Beginning at the line containing "当下行情整体就是震荡走势,所" in the material below and ending at the line containing "表4-1-17为被调查学生课", return each line exactly and add nothing.

• [PROVIDED ENTRIES]
*** Block opens ***

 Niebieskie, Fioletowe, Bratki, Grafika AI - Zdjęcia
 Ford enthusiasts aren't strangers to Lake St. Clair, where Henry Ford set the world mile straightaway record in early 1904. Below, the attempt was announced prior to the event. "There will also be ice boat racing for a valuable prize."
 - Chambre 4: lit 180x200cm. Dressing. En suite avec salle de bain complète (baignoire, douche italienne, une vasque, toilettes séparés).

*** Block closes ***
*** Block opens ***

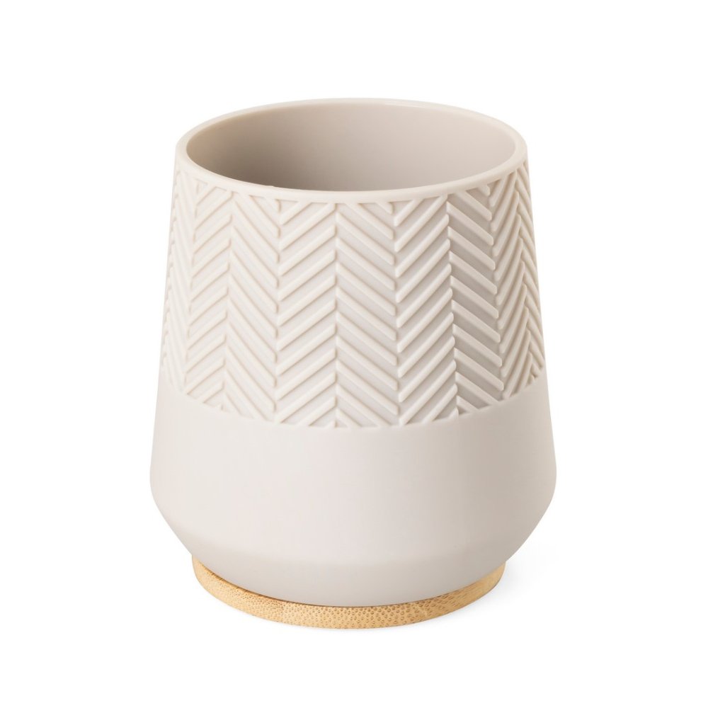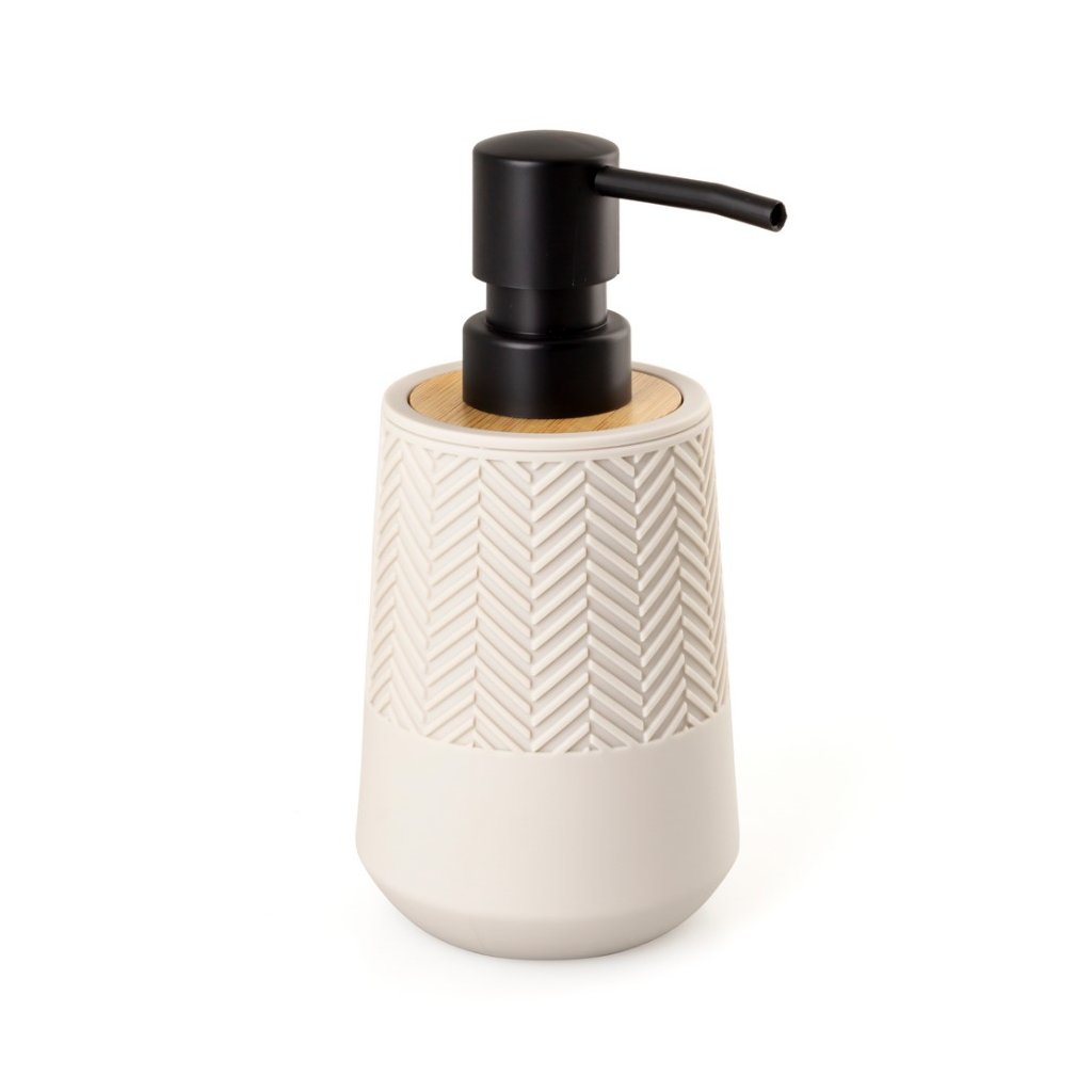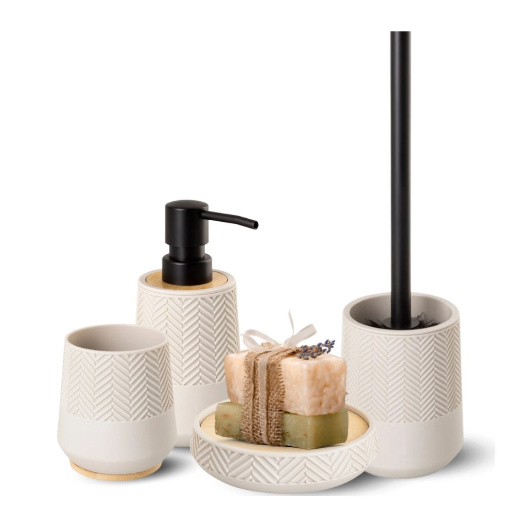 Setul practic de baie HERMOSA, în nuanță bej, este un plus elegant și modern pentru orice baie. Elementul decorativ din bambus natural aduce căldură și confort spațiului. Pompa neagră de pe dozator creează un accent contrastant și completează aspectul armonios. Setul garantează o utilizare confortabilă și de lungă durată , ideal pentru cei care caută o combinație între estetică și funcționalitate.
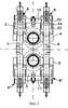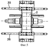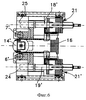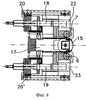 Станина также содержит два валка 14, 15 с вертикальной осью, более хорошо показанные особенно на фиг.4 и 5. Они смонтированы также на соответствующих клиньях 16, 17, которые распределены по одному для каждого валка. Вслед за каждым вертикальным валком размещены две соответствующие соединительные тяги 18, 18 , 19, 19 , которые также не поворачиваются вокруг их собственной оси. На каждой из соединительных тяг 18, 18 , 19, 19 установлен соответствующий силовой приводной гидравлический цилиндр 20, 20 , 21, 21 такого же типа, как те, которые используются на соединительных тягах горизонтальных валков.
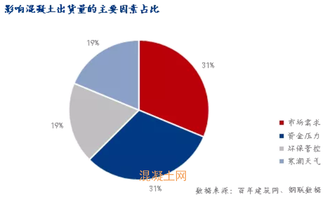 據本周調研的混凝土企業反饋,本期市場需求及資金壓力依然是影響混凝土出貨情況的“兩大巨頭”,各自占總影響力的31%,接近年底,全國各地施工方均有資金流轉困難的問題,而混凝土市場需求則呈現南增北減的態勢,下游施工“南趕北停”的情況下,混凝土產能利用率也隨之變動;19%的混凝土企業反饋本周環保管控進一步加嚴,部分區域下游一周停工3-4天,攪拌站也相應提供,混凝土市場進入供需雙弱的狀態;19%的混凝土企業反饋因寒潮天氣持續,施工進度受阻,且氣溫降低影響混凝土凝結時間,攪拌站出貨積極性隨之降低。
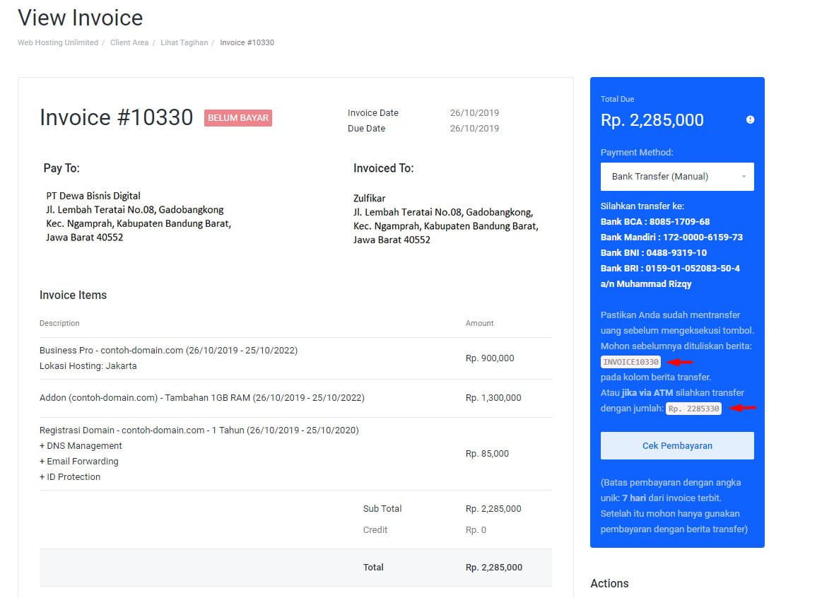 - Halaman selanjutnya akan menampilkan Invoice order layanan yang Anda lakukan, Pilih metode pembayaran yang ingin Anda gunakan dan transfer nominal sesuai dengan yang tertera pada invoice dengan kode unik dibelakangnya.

*** Block closes ***
*** Block opens ***

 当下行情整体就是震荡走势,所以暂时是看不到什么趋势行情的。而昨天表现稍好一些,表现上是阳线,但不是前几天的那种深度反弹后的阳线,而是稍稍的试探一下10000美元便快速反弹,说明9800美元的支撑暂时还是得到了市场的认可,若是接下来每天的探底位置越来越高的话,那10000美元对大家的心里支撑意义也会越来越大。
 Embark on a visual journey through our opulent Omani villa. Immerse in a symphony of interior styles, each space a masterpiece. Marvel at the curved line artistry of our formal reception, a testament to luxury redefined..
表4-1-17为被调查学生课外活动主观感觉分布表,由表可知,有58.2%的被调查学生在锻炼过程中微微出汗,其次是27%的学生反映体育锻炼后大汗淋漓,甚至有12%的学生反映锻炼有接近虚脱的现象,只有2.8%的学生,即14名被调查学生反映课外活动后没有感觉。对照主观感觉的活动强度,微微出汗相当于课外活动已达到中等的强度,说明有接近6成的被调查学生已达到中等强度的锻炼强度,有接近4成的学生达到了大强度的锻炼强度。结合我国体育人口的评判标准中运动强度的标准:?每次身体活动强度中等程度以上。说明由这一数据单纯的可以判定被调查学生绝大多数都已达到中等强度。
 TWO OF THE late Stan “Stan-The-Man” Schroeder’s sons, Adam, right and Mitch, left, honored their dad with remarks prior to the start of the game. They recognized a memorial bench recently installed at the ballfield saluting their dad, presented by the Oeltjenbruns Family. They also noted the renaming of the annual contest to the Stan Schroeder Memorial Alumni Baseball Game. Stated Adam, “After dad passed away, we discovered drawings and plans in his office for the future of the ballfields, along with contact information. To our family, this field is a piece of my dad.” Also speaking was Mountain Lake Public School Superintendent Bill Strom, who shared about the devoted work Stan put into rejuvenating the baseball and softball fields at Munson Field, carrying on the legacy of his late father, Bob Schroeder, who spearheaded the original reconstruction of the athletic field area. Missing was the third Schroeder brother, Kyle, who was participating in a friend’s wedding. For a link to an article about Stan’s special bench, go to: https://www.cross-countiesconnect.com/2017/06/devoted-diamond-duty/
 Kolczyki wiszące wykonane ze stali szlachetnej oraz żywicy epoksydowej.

*** Block closes ***

• [EXERCISE RESPONSE]
 当下行情整体就是震荡走势,所以暂时是看不到什么趋势行情的。而昨天表现稍好一些,表现上是阳线,但不是前几天的那种深度反弹后的阳线,而是稍稍的试探一下10000美元便快速反弹,说明9800美元的支撑暂时还是得到了市场的认可,若是接下来每天的探底位置越来越高的话,那10000美元对大家的心里支撑意义也会越来越大。
 Embark on a visual journey through our opulent Omani villa. Immerse in a symphony of interior styles, each space a masterpiece. Marvel at the curved line artistry of our formal reception, a testament to luxury redefined..
表4-1-17为被调查学生课外活动主观感觉分布表,由表可知,有58.2%的被调查学生在锻炼过程中微微出汗,其次是27%的学生反映体育锻炼后大汗淋漓,甚至有12%的学生反映锻炼有接近虚脱的现象,只有2.8%的学生,即14名被调查学生反映课外活动后没有感觉。对照主观感觉的活动强度,微微出汗相当于课外活动已达到中等的强度,说明有接近6成的被调查学生已达到中等强度的锻炼强度,有接近4成的学生达到了大强度的锻炼强度。结合我国体育人口的评判标准中运动强度的标准:?每次身体活动强度中等程度以上。说明由这一数据单纯的可以判定被调查学生绝大多数都已达到中等强度。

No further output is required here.